The data for this problem is based on the revision history of the page Language. Wikipedia provides a history for each page that consists of the state of the page at each revision. Rather than manually considering each revision, a script was run that checked whether edits stayed or were reverted. If a change was eventually reverted then that revision is marked as vandalism. This may result in some misclassifications, but the script performs well enough for our needs.

As a result of this preprocessing, some common processing tasks have already been done, including lower-casing and punctuation removal.
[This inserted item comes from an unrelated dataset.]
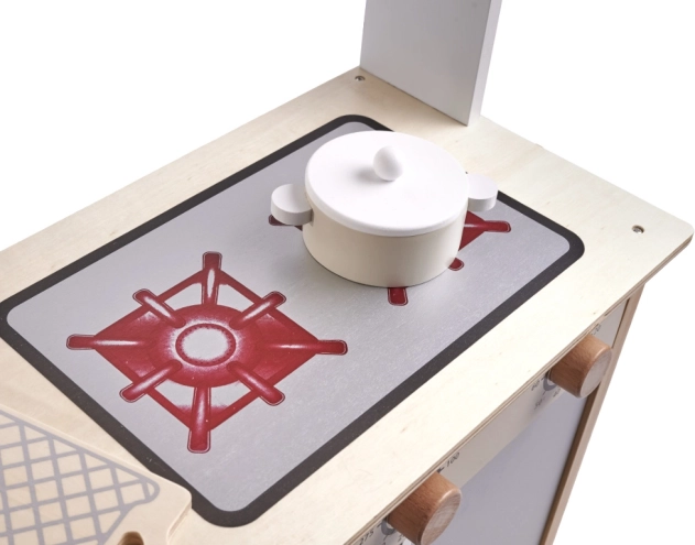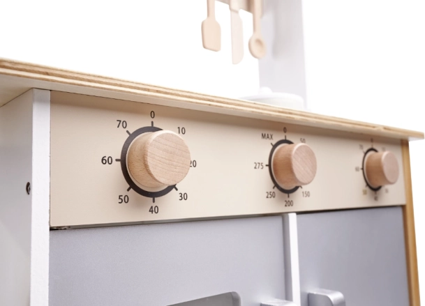 Desarrollo de habilidades: Gracias a la simulación de la cocina real, los niños adquieren habilidades importantes como la organización del espacio y mejoran la motricidad fina. Los materiales naturales aseguran un enfoque ecológico del juego, ideal para padres enfocados en el desarrollo sostenible.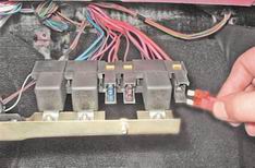 5. Неисправный предохранитель определяем по перегоревшей нити. 6. Исправный предохранитель устанавливаем в контактный разъем блока и, нажав пальцем руки, утапливаем его до упора. 7. Для замены реле торцовым ключом на 8 мм отворачиваем гайку его крепления.

The columns in the dataset are:

Vandal = 1 if this edit was vandalism, 0 if not. Minor = 1 if the user marked this edit as a “minor edit”, 0 if not. Loggedin = 1 if the user made this edit while using a Wikipedia account, 0 if they did not. Added = The unique words added. Removed = The unique words removed.

Notice the repeated use of unique. The data we have available is not the traditional bag of words - rather it is the set of words that were removed or added. For example, if a word was removed multiple times in a revision it will only appear one time in the “Removed” column.

Load the data

setwd("C:/Users/jzchen/Documents/Courses/Analytics Edge/Unit_5_Text_analytics")
wiki <- read.csv("wiki.csv", stringsAsFactors = FALSE)
str(wiki)
## 'data.frame':    3876 obs. of  7 variables:
##  $ X.1     : int  1 2 3 4 5 6 7 8 9 10 ...
##  $ X       : int  1 2 3 4 5 6 7 8 9 10 ...
##  $ Vandal  : int  0 0 0 0 0 0 0 0 0 0 ...
##  $ Minor   : int  1 1 0 1 1 0 0 0 1 0 ...
##  $ Loggedin: int  1 1 1 0 1 1 1 1 1 0 ...
##  $ Added   : chr  "  represent psycholinguisticspsycholinguistics orthographyorthography help text all actions through human ethnologue relationsh"| __truncated__ " website external links" " " " afghanistan used iran mostly that farsiis is countries some xmlspacepreservepersian parts tajikestan region" ...
##  $ Removed : chr  " " " talklanguagetalk" " regarded as technologytechnologies human first" "  represent psycholinguisticspsycholinguistics orthographyorthography help all actions through ethnologue relationships linguis"| __truncated__ ...
table(wiki$Vandal)
## 
##    0    1 
## 2061 1815

Bag of words approach

We have two columns of textual data, with different meanings. For example, adding rude words has a different meaning to removing rude words. We’ll start like we did in class by building a document term matrix from the Added column. The text already is lowercase and stripped of punctuation. So to pre-process the data, just complete the following four steps:

  1. Create the corpus for the Added column, and call it “corpusAdded”.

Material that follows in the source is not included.